= Travel Companion Exchange =

US-based matching service for travel companions (1982–2003)

Travel Companion Exchange (TCE) was a travel companion matching service established by Jens Jurgen in 1982. As the first general interest travel companion matching service in existence, it became the forerunner of many similar services and helped pioneer and legitimize the field of singles matching services in general. It was the largest and most successful of its type at the time.

==History==
While traveling alone through Europe Jurgen developed the idea for a companion matching service for travelers. He already was operating a similar program for members who shared a common interest in the arts, and he had written several short books on travel subjects. Using the mailing list of those who had contacted him with inquiries about the books, he sent a questionnaire to gauge their interest in finding a travel companion. Met with an overwhelming positive response, he commenced on the larger service.

Initially, his goal was to provide a service that would help travelers save money by sharing expenses, particularly to avoid the single supplement levied by cruise ship operators. He did not at first think that the service would serve as a matchmaker. However, he found that more than 70 percent of his clients either requested companions of the opposite sex or were willing to accept them; fewer than 15 percent wanted private rooms.

He developed a profile questionnaire that identified key personal habits and preferences that would impact on compatibility while traveling. After completing the questionnaire and mailing it to the TCE office, members were mailed a monthly summary of the profiles of all members with current travel plans or desires. They could then request the full profiles and contact information for those they were interested in.

The novelty and utility of the service soon resulted in write-ups in major publications like the Los Angeles Times and Prevention magazine, which generated a flood of inquiries. As a result, the business grew quickly, and within a year it had 2,500 active members in 48 states, Canada, Mexico, Puerto Rico and Japan. By 1997 it had served over 70,000 members. No figures are available for the total number of members it had in the full 20 years it was in operation.

The monthly mailings were accompanied by a newsletter in which Jurgen shared tips drawn from his wealth of experience in the travel sector, and from the contributions of members and other travel professionals. This newsletter was rated by Newsday as "one of the three best general travel newsletters."

The profile was so successful in indicating potentially compatible partners that the service suffered an unusually high turn-over due to members finding a permanent partner and dropping their memberships.

Jurgen operated the business out of his home in Amityville, NY, at first alone, then with staff made necessary by the increased workload. Competing services soon sprang up, and they began to use the Internet, reaching a larger audience at a lower cost. Jurgen, however, resisted transferring TCE to the Web due to his concern over the privacy and safety of his members, citing the difficulty of verifying the identity of online applicants. He did, however, put up home pages which directed visitors to the mailing address and phone numbers of the Amityville office.

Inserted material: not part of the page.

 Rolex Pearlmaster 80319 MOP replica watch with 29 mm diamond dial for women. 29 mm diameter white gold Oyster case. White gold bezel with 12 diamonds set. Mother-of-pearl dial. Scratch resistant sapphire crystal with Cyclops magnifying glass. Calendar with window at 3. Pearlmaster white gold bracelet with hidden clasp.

Jurgen closed the business in 2003 for personal reasons.

==Founder==
Originally from Germany, Jurgen was a mechanical engineer who worked for Long Island Light Co. While there, he started the employees' travel program, chartering flights to Europe, and began researching and writing on travel subjects. In 1976, after a divorce, he quit his job and toured Europe in an RV for three years.

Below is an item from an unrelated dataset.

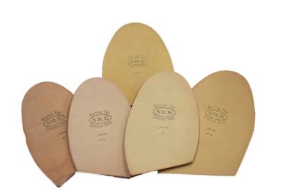 Firm, high quality leather half soles from SRE. An essential item in boot and shoe making, as well as in repair. These half soles measure approximately 7 1/2″ long by 5″ wide, while you have the option of 4 different thicknesses: 4.5 (5/32″), 5 (3/16″), 5.5 (7/32″), or 6 (1/4″). Sold by the pair.

Jurgen wrote and self-published several books during his career, including:
Guide to Air Charter Groups and Air Travel Bargains (1967)
European Car Ferry Services (1971) and
Air Travel & Charter Flight Handbook (1973)
The latter book led to his being called as an expert witness on air travel matters before a US Senate Committee which ultimately led to the airline deregulation hearings.

These books also brought such a quantity of inquiries by mail that he organized his own charter travel club and operated it until 1973.

He continued to write and publish other travel titles:
Charter Flight Directory, subtitled "How To Fly for Less" (1976,1977 and 1978 editions) and
1001 sources for Free Travel Information – Valuable Freebies You Should Know About (1978)
Accumulated tips from the TCE newsletter were compiled into a 24-page booklet called Foiling Pickpockets and Other Travel-related Scams (1997 and 2000 editions) which became recognized as the best consumer guide available and Jurgen was frequently quoted in articles on the subject.
The titles were all well received by the public, and in total, he sold approximately 120,000 copies of the books.

In 1997, he married Eul Lee, whom he had met through TCE. She became his partner in the business as well – in fact, the demands of the work were such that they could only drive to Philadelphia for a few days for their honeymoon.

==Revival==
After his retirement, Jurgen retained ownership of the domain names he had used for TCE as well as several other travel related domains. In 2011 he sold the www.travelcompanionexchange.com domain to Brian Eugene, a former member of TCE, who revived it as an Internet-only travel companion matching service.